Parsing “->” assignment operator in R

丶灬走出姿态 提交于 2019-12-01 02:27:09

can I be sure that I always get "<-" operator in syntax tree

Let’s see …

> quote(b -> a)
a <- b
> identical(quote(b -> a), quote(a <- b))
[1] TRUE

So yes, the -> assignment is always parsed as <- (the same is not true when invoking -> as a function name!1).

Your first display is the other way round because of parse’s keep.source argument:

> parse(text = 'b -> a')
expression(b -> a)
> parse(text = 'b -> a', keep.source = FALSE)
expression(a <- b)

1 Invoking <- as a function is the same as using it as an operator:

> quote(`<-`(a, b))
a <- b
> identical(quote(a <- b), quote(`<-`(a, b)))
[1] TRUE

However, there is no -> function (although you can define one), and writing b -> a never calls a -> function, it always gets parsed as a <- b, which, in turn, invokes the <- function or primitive.

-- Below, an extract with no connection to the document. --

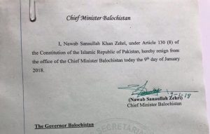 Sanaullah Zehri finally succumbed to opposition pressure today and resigned from his position as the Chief Minister of Baluchistan. He presented his resignation, under Article 130 (8) of the Constitution, to the governor of Baluchistan Muhammad Khan Achakzai in a meeting regarding the no-confidence motion submitted against him in the provincial assembly.

This is slightly off topic, but I think that a left-to-right assignment operator can be used in cases beyond fast command-line typing. So, here's one way to define such an operator:

"%op%"<- function(a,b) eval(substitute(b<-a), parent.frame())

I am using this to avoid duplicating R-code when storing/loading a set of matrices and vectors to/from a vector (Error: object '->' not found in R).